Хотя, например, Бадер, наивный человек, ляпнул что-то неосмотрительно насчет готов, древних германских племен, которые в III веке жили в Северном Причерноморье, — Бадер вообще о чем думал, то и ляпал вслух. Пришлось его выручать, потому что реакция наблюдающего была соответственной: ах, готы! Ах, Северное Причерноморье! И энкаведешники хотели уже Бадера взять к ногтю — большого труда мне стоило помочь ему выкарабкаться из этой ямы, в которую тот так и норовил угодить, долго я объясняя уполномоченному, что здесь не было никакой задней мысли, просто ученые бредни, вполне безобидные. А так как уполномоченные не очень-то разбирались в тонкостях этого дела, все кончилось благополучно.
Заставляю себя описывать все это с некоторым трудом, потому что ковырять, вспоминать, воскрешать в памяти то время не слишком весело. Мы ведь понимали, что занимаем даже среди сидящих за решеткой последнее место, мы не были социально близкими. Сначала получали питание начальники, потом служащие лагерей, потом заключенные, «зеки», а уж потом то, что оставалось, шло немцам. И когда через несколько месяцев, после того как нас посадили, количество немцев уполовинилось, какой-то чиновник в Москве, ведающий этими делами, схватился за голову: а кто будет дальше работать? И нас начали подкармливать брюквой и картошкой, давали жиденькие каши, в которых плавал какой-то теоретический жир, установили норму сахара и даже стали давать «кофе» из жареного ячменя! Очень, правда, редко. И когда мы получали «кофе» и сахар, то всегда делали одно и то же: смешивали их и съедали в один присест. И это был такой пир! Мяса, сколько я помню, никакого никогда не было, а вот рыбу иногда давали в качестве деликатеса, жутко соленую! Но, может быть, это и хорошо, может быть, я поэтому сравнительно и здоров: корь, дифтерия, гриппы — все прошло мимо меня. Если не считать, конечно, тринадцати операций.

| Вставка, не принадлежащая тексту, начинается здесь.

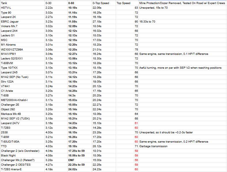 See how on the speed chart you linked, every single British tank is ranked at the bottom (Bar the 2e)? See how, there are Russian tanks which outperform nato tanks, for example the T80BVM is faster than the Leopard 2a4, 2a5, m1a2 sep, strv 122aetc etc?
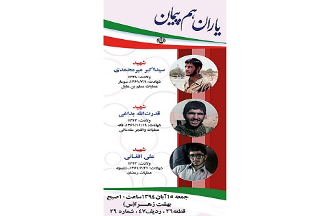 گرامیداشت یاد و نام شهیدان سید اکبر میرمحمدی، قدرت الله بداغی و علی افغانی با عنوان "یاران هم پیمان" روز جمعه 15 آبان در گلزار شهدای بهشت زهرا(س)برگزار می شود.

Для поддержки здоровья и избавления от цинги, которой страдало большинство, Пауль придумал выгонку хвойного экстракта. Вера Михайловна привозила нужные реактивы, заказанные ей Паулем, он делал какую-то настойку, смеси, мы все это потребляли, и я в моем возрасте могу похвалиться собственными зубами, благодаря заботам друга. К слову скажу, что знаменитая коллекция Пауля, которую он продолжал собирать и после лагеря, была одной из лучших в то время в стране. Большую ее часть он подарил минералогическому отделу нижнетагильского музея, создав тем самым основу для их экспозиции, кроме того, огромное количество камней осталось дома, их хранит Игорь, сын Пауля, иногда дополняет, но что делать с коллекцией дальше— трагический вопрос. Разрознивать ее нельзя, она собиралась целенаправленно, но пока что-то никто к ней интереса не проявил…
Так мы пребывали за решеткой, очень «тихо и мирно», до сорок шестого года, после чего возникли всякие нюансы.